Janvier – A la conférence de rédaction du matin, le sujet du jour s’imposa, il s’étalait presque sous les yeux des reporters d’Europe n°1, la Seine débordait. Des inondations comme ça, on n’en avait pas de pareilles depuis 1912…
Jamais la radio d’état n’ouvrirait son journal sur un fait divers, raison de plus pour le faire. « On a tout de suite compris, raconte Gilbert Lauzun, qu’il fallait dramatiser l’information : ça monte… ça descend… » Le suspens autour des soubresauts de la Seine allait de soi.
Tous les reporters se relayent, Nagra en bandoulière au Pont de l’Alma – à deux enjambées de la rue François 1er – interviewer autour de ce pauvre zouave qui buvait la tasse ou presque, tous les passants médusés et meurtris. Tous les reportages possibles sur l’événement étaient lancés : des vaches bloquées dans leur champs inondé doivent être évacuées en radeau. Pierre Molteni, le grand Suisse placide de la rédaction, fonce en Jeep.
La fausse dépêche de Moscou
Jean Bedel, était chargé de relire sur les téléscripteurs les dépêches venant de l’étranger et de les réécrire, à la façon Siegel. L’actualité n’était pas passionnante et Bedel un joyeux luron.

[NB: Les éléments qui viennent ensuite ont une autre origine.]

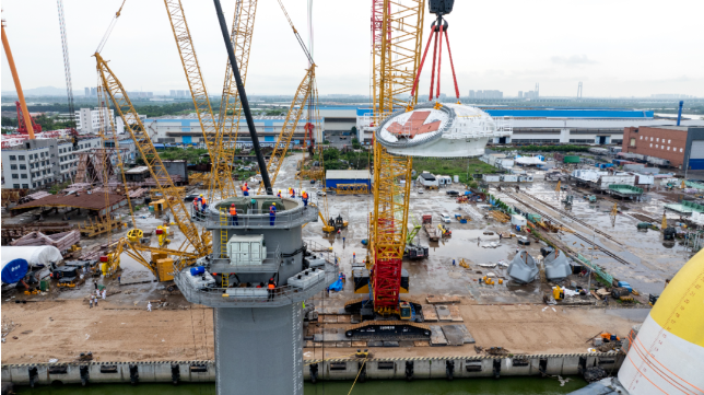 明阳集团表示,在塔筒吊装完成后将继续进行后续的安装工作,计划于今年上半年完成该风电平台的组装。
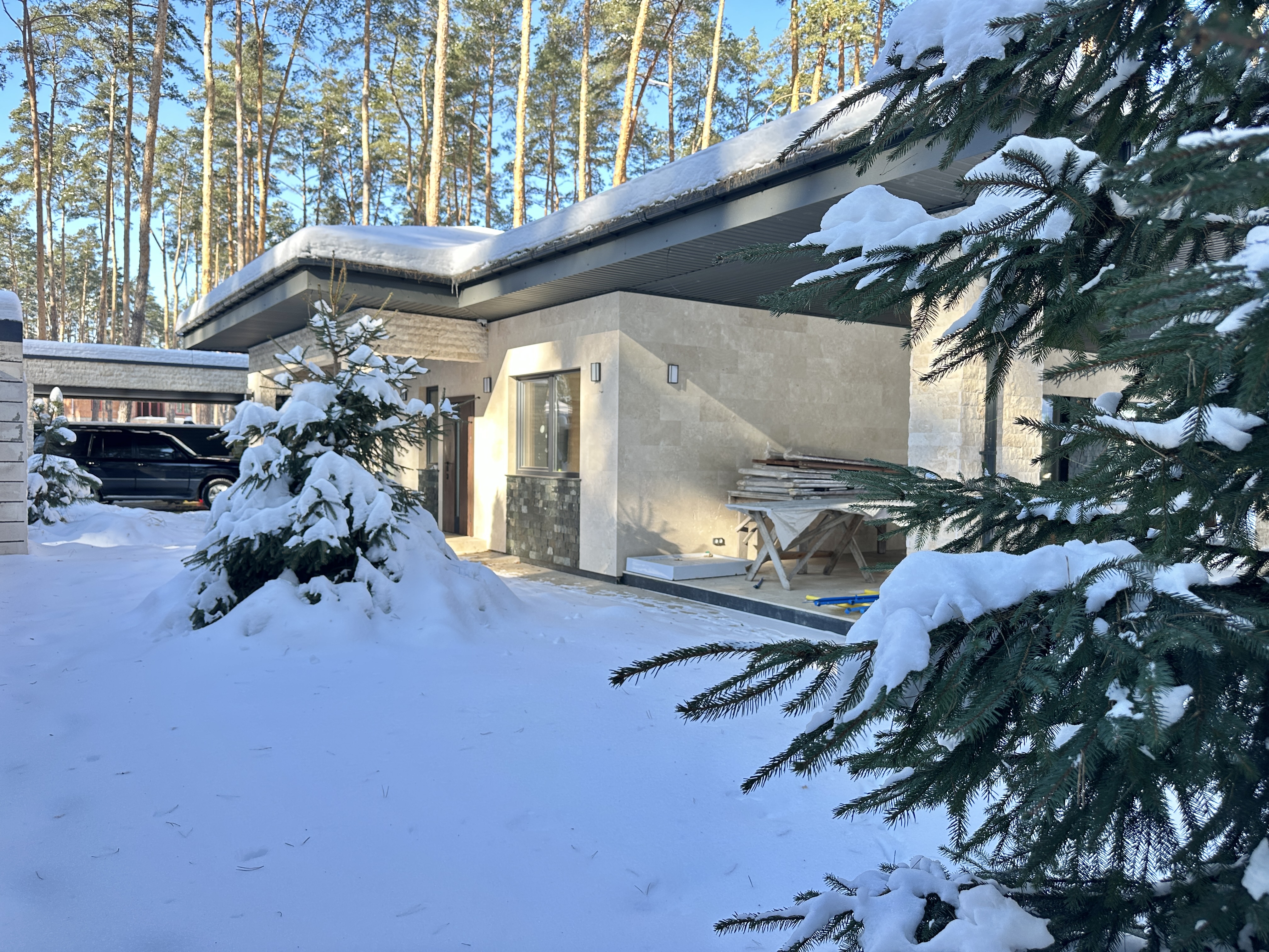 Стильний одноповерховий будинок в оточенні соснового масиву. Тихе, престижне місце з відчуттям заміського комфорту. Асфальтована вулиця.

« Tiens, dit-il à une secrétaire, je vais te dicter une dépêche : Protestation de l’URSS contre un poste privé : « Moscou, 17 janvier (United Press). – Dans une note remise ce matin à l’ambassadeur de France à Moscou, le ministre des affaires étrangères s’élève contre la puissance excessive d’un poste privé… »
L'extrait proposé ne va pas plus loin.